▶ **MATERIAL SHOWN**
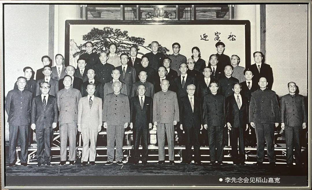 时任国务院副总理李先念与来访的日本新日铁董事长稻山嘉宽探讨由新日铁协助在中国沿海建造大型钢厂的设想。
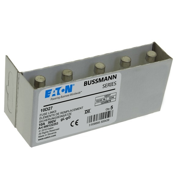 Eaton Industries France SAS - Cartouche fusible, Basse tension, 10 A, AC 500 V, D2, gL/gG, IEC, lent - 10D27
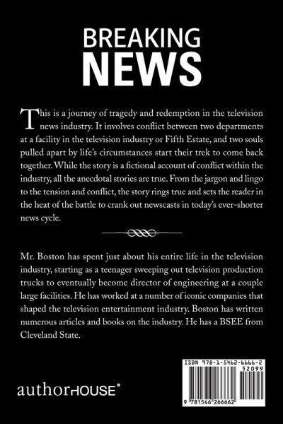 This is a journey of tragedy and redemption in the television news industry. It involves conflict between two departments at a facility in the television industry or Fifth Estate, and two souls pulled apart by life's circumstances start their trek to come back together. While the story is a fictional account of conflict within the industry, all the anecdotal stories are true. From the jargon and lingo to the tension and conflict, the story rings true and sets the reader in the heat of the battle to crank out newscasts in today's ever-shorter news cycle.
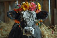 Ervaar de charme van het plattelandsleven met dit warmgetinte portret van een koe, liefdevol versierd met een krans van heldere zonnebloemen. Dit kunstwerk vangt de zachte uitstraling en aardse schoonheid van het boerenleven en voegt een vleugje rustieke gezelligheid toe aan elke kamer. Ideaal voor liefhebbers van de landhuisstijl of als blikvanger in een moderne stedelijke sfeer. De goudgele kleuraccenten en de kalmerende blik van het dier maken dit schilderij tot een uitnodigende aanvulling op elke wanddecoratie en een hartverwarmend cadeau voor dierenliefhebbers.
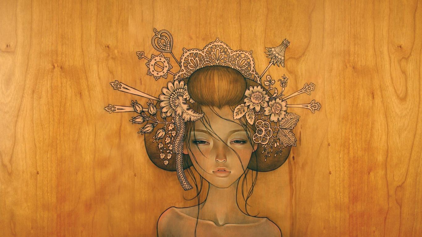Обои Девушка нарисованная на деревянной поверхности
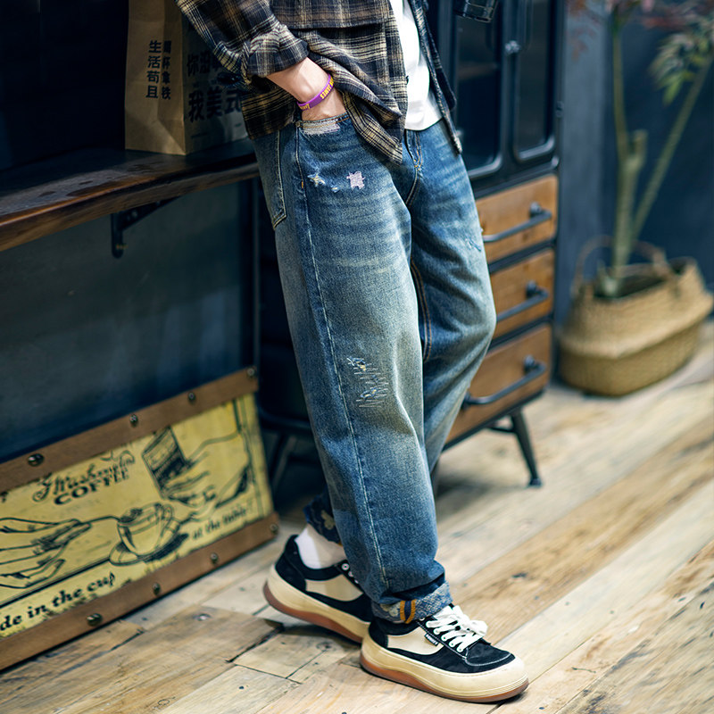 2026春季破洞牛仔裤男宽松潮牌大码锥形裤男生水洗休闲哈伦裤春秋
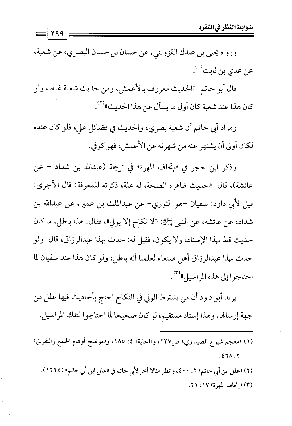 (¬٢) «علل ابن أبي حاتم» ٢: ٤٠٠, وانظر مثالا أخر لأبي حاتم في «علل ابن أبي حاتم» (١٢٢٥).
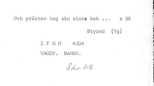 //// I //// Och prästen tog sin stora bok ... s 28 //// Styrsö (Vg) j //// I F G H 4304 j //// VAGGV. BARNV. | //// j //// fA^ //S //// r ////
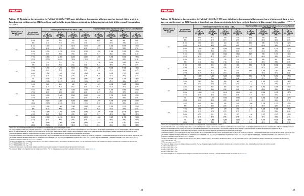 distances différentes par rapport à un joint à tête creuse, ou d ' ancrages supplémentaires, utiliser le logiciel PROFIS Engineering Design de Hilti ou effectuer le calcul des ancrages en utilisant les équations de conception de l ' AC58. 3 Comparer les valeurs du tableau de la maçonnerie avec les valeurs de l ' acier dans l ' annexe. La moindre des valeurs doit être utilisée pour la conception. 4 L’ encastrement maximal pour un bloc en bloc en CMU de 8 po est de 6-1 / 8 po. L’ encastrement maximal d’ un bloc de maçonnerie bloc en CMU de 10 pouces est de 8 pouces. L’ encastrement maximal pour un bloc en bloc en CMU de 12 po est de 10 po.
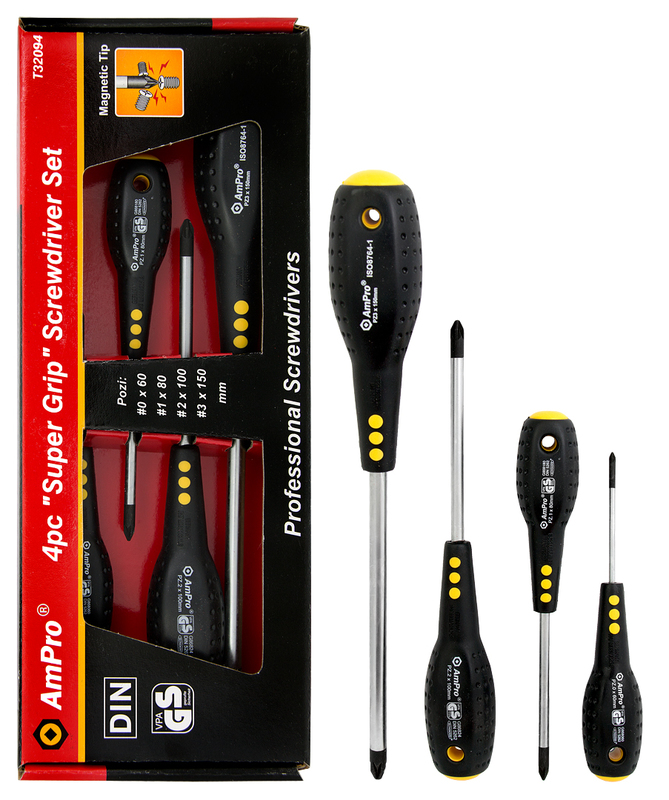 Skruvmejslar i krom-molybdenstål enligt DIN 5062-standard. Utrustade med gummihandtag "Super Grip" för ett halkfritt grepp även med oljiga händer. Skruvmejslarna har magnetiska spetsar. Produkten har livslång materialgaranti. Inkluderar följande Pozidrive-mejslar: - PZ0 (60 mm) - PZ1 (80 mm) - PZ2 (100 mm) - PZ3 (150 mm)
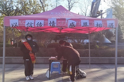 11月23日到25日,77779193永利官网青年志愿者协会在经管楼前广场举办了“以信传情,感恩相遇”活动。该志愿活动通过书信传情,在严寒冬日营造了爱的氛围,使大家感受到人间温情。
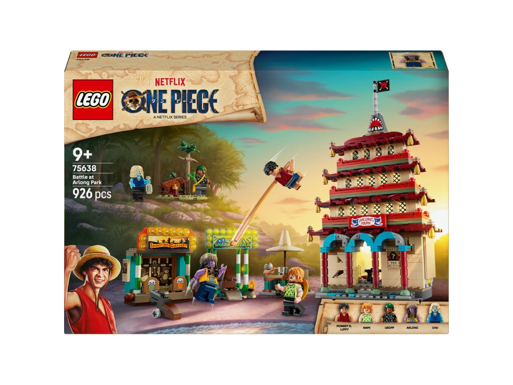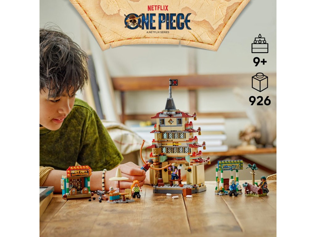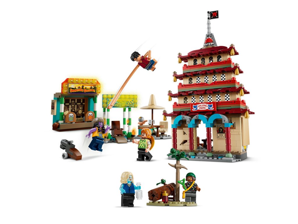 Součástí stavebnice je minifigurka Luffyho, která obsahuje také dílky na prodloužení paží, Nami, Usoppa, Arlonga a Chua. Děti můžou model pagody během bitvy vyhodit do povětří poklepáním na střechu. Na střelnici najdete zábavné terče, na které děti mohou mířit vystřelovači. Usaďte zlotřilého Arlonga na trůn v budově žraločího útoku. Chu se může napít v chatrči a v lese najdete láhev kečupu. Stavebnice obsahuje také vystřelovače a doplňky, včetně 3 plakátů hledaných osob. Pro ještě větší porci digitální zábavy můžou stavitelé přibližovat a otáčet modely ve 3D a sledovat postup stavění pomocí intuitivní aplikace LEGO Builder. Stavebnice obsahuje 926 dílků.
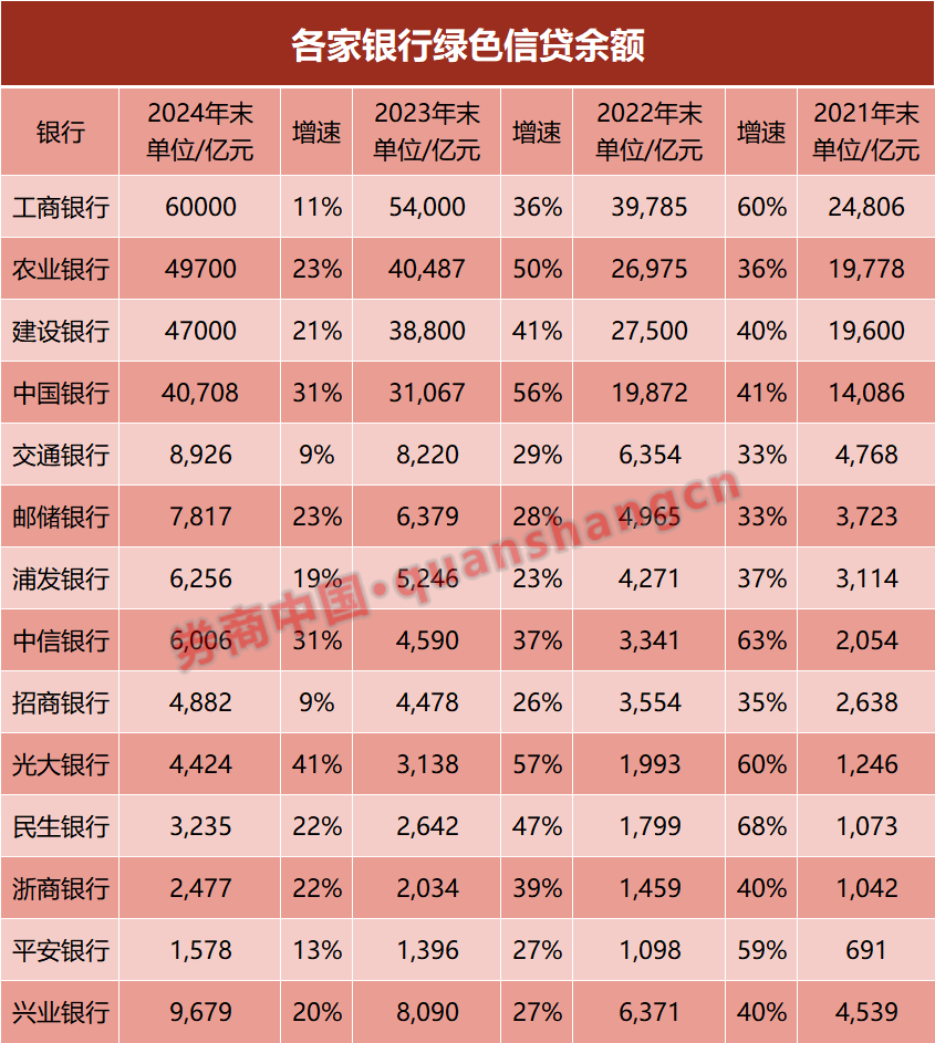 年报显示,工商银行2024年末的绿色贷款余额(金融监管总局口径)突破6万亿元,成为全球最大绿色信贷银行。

▶ **AIM OF THE TASK**
Repeat every entry exactly. Do not include the pictures.

▶ **SOLVED EXERCISE**
 时任国务院副总理李先念与来访的日本新日铁董事长稻山嘉宽探讨由新日铁协助在中国沿海建造大型钢厂的设想。
 Eaton Industries France SAS - Cartouche fusible, Basse tension, 10 A, AC 500 V, D2, gL/gG, IEC, lent - 10D27
 This is a journey of tragedy and redemption in the television news industry. It involves conflict between two departments at a facility in the television industry or Fifth Estate, and two souls pulled apart by life's circumstances start their trek to come back together. While the story is a fictional account of conflict within the industry, all the anecdotal stories are true. From the jargon and lingo to the tension and conflict, the story rings true and sets the reader in the heat of the battle to crank out newscasts in today's ever-shorter news cycle.
 Ervaar de charme van het plattelandsleven met dit warmgetinte portret van een koe, liefdevol versierd met een krans van heldere zonnebloemen. Dit kunstwerk vangt de zachte uitstraling en aardse schoonheid van het boerenleven en voegt een vleugje rustieke gezelligheid toe aan elke kamer. Ideaal voor liefhebbers van de landhuisstijl of als blikvanger in een moderne stedelijke sfeer. De goudgele kleuraccenten en de kalmerende blik van het dier maken dit schilderij tot een uitnodigende aanvulling op elke wanddecoratie en een hartverwarmend cadeau voor dierenliefhebbers.
Обои Девушка нарисованная на деревянной поверхности
 2026春季破洞牛仔裤男宽松潮牌大码锥形裤男生水洗休闲哈伦裤春秋
 (¬٢) «علل ابن أبي حاتم» ٢: ٤٠٠, وانظر مثالا أخر لأبي حاتم في «علل ابن أبي حاتم» (١٢٢٥).
 //// I //// Och prästen tog sin stora bok ... s 28 //// Styrsö (Vg) j //// I F G H 4304 j //// VAGGV. BARNV. | //// j //// fA^ //S //// r ////
 distances différentes par rapport à un joint à tête creuse, ou d ' ancrages supplémentaires, utiliser le logiciel PROFIS Engineering Design de Hilti ou effectuer le calcul des ancrages en utilisant les équations de conception de l ' AC58. 3 Comparer les valeurs du tableau de la maçonnerie avec les valeurs de l ' acier dans l ' annexe. La moindre des valeurs doit être utilisée pour la conception. 4 L’ encastrement maximal pour un bloc en bloc en CMU de 8 po est de 6-1 / 8 po. L’ encastrement maximal d’ un bloc de maçonnerie bloc en CMU de 10 pouces est de 8 pouces. L’ encastrement maximal pour un bloc en bloc en CMU de 12 po est de 10 po.
 Skruvmejslar i krom-molybdenstål enligt DIN 5062-standard. Utrustade med gummihandtag "Super Grip" för ett halkfritt grepp även med oljiga händer. Skruvmejslarna har magnetiska spetsar. Produkten har livslång materialgaranti. Inkluderar följande Pozidrive-mejslar: - PZ0 (60 mm) - PZ1 (80 mm) - PZ2 (100 mm) - PZ3 (150 mm)
 11月23日到25日,77779193永利官网青年志愿者协会在经管楼前广场举办了“以信传情,感恩相遇”活动。该志愿活动通过书信传情,在严寒冬日营造了爱的氛围,使大家感受到人间温情。
 Součástí stavebnice je minifigurka Luffyho, která obsahuje také dílky na prodloužení paží, Nami, Usoppa, Arlonga a Chua. Děti můžou model pagody během bitvy vyhodit do povětří poklepáním na střechu. Na střelnici najdete zábavné terče, na které děti mohou mířit vystřelovači. Usaďte zlotřilého Arlonga na trůn v budově žraločího útoku. Chu se může napít v chatrči a v lese najdete láhev kečupu. Stavebnice obsahuje také vystřelovače a doplňky, včetně 3 plakátů hledaných osob. Pro ještě větší porci digitální zábavy můžou stavitelé přibližovat a otáčet modely ve 3D a sledovat postup stavění pomocí intuitivní aplikace LEGO Builder. Stavebnice obsahuje 926 dílků.
 年报显示,工商银行2024年末的绿色贷款余额(金融监管总局口径)突破6万亿元,成为全球最大绿色信贷银行。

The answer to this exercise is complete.